Чак прозевал госпожу Руссель; он налетел на нас в тот момент, когда я развернул перед Джанис платок с индийским космосом, при этом мы то и дело прижимались друг к другу и целовались.
– Да хватит вам уже, – сказал Чак, – я тоже хочу!
– Ах ты, старый хрен! – осклабился я. – Возьми себя в руки!
Джанис оторвалась от меня и сказала:
– Привет, Чак!
– Хай! – ответил он. – А это Арихуа! Моя подруга!
– Целый комитет встречающих! – сказала Джанис.
– Хай! – сказала кореянка.
– Что мы тут стоим? – спросил Чак. – Поехали лучше в «Бер дэнс»! Выпьем чего-нибудь!

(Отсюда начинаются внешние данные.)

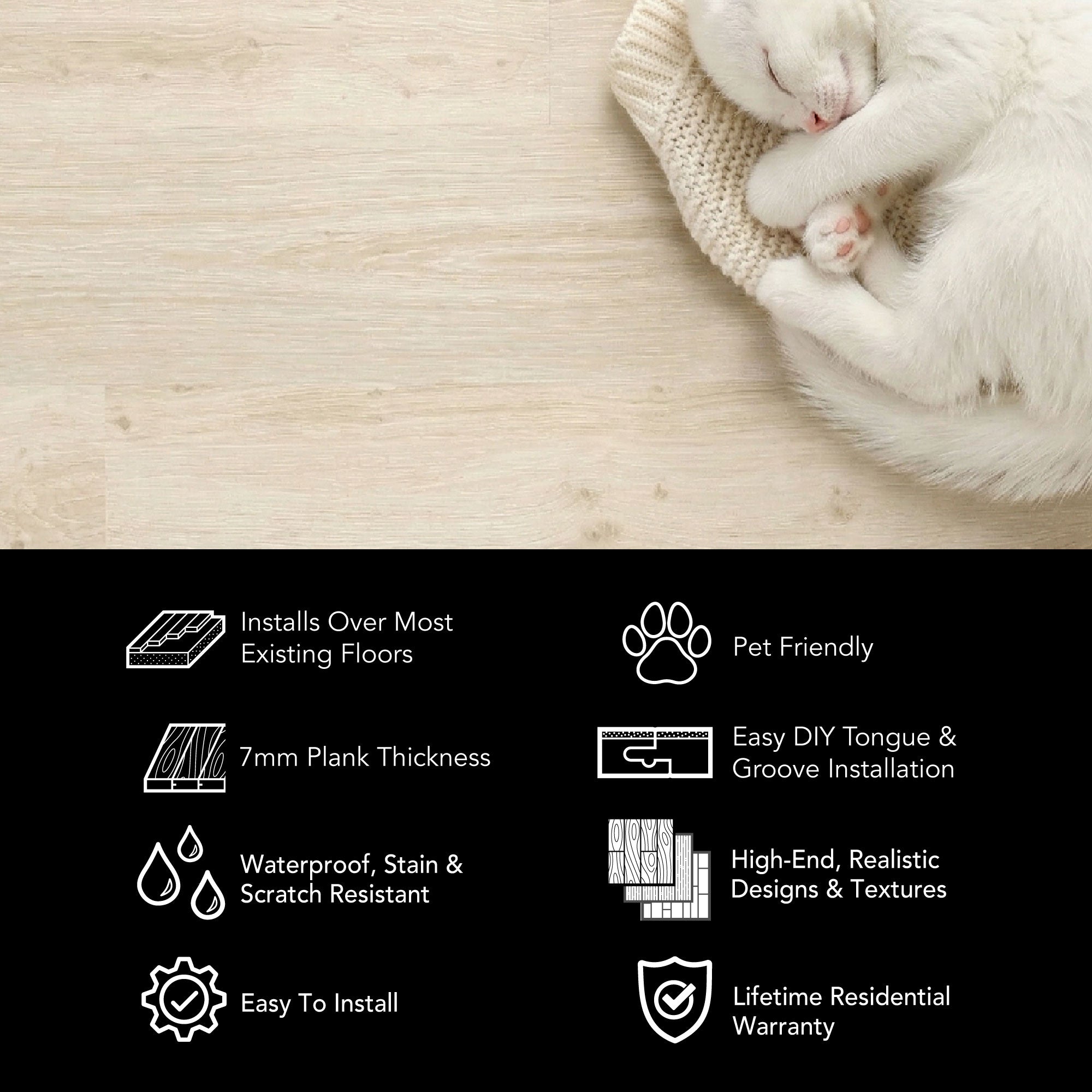 - Light Oak Color – Soft, beachy tones and embossed-in-register grain deliver a clean, contemporary hardwood look.

– Было бы лучше всего, – сказал я, – если бы вы просто отвезли нас с Джанис домой!
Джанис сказала:
– Я хоть и устала, но мы могли бы чокнуться с Бэбифейсом и дядей Джимми! Он сегодня так обрадовался, когда я ему позвонила!
– Вот подлец! – сказал я.
– Почему? – спросила Джанис. – Что-то не так?
– Нет, нет. Всё в полном порядке!
– Ну так поехали! – воскликнул Чак.
Я был ужасно рад, что мой приятель Ча-Ча не поехал с нами, иначе было бы ещё больше сложностей. А я хотел как можно скорее остаться с Джанис наедине.
Индейский квартал был уже погружён в сон. Только в нашем доме светились все окна, начиная от подвала и кончая чердаком.
Я открыл дверь, и мы услышали гудение пылесоса в комнате Джимми.
– Дядя! – крикнул я. – А вот и мы!
Мы пошли к нему в комнату. Он ослепил нас лучом карманного фонарика. Бэбифейс стоял на коленях и пылесосил под кроватью Джимми. Оба были одеты в пижамы.
– Добрый день, Джанис! – сказал мой дядя. – А мы тут как раз гоняем чёрных тараканов! Краснокожий! Можешь прекращать! Чудовища уже давно передохли!
Бэбифейс выключил пылесос и вскочил на ноги.
– Хай! – сказал он.
– Хай, индейцы! – ответила Джанис. – Как у вас дела?
– Совершенно очевидно, что всё хорошо! – сказал Чак.
После этой короткой встречи Джанис какое-то время разговаривала по телефону со своим отцом.
Чак открыл бутылку шампанского, и все знаки на небе указывали на то, что у нас намечается долгий совместный вечер. На следующей бутылке я потерял контроль над происходящим, и потребовались ещё целые часы, чтобы дядя Джимми так утомился от своего монолога про стрижку газонов, что уснул прямо за кухонным столом.
Мы с Джанис договорились с Чаком и кореянкой пойти на следующий вечер в «Бер дэнс», после чего послали их ко всем чертям и наконец остались одни, а когда я лежал с Джанис в ванне, я подумал, что это самая сильная пытка за весь вечер воздержания.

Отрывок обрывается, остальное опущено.